On Robert’s death on 21 October 1894, the Estate passed to his eldest son, Reginald Abel who, in 1885, had married the Hon. Margaret Alice Holland, the daughter of Henry Holland, 1st Viscount Knutsford and Margaret Trevelyan (niece of Lord Macaulay). Tragedy struck the family in 1902 when both Reginald, aged 45, and his eldest 13-year-old son, Cyril, died of illness within 6 weeks of each other. Reginald’s eldest child, Margaret Isabel, then aged 15, took over the day to day running of the Estate on behalf of her mother.

This left Goldings to another Reginald Abel Smith, a grandson of the original owner Robert Smith. Reginald married Myrtle Abercromby in 1913.

Most large private Houses were used as hospitals for the wounded of the Great War. Mrs Reginald Abel Smith was reported in The Herts Advertiser of July 1916 to have 16 beds available for injured soldiers at Goldings to convalesce till after the war.

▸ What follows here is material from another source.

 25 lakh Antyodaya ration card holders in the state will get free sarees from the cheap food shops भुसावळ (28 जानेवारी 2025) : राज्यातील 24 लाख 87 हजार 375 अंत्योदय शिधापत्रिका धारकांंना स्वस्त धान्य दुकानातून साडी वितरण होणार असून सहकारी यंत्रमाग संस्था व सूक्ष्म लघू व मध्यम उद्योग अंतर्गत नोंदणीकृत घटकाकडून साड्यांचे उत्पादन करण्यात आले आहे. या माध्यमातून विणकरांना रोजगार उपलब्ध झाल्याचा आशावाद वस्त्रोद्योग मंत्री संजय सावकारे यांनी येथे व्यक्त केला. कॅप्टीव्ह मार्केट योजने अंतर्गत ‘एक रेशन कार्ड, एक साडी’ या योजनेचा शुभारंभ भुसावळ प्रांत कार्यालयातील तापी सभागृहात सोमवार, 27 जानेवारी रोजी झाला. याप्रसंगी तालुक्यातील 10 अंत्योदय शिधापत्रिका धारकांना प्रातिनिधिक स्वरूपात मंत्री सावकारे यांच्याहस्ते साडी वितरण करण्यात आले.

Two years later in 1920, Myrtle died. Goldings was empty most of the time and was the charge of Mr. Burbidge, the Estate Bailiff, who resided in Wych Elms Cottage Goldings.

In July 1920, Goldings was put up for auction along with most of Waterford and the surrounding area, with Messrs Knight, Frank and Rutley as the agents.Due to dealings with the late Dr. Thomas Barnardo, the Abel Smith family sold Goldings in 1921 to Dr Barnardo Homes for the sum of £100,000 which had been set off in a loan, that by all accounts was never called in.

The house was used as an orphanage and, in 1923, was modified and enlarged and a chapel added. In 1960 a new wing was added. In 1967 the orphanage closed and Goldings was purchased by Hertfordshire County Council for use by the County Surveyor's Department.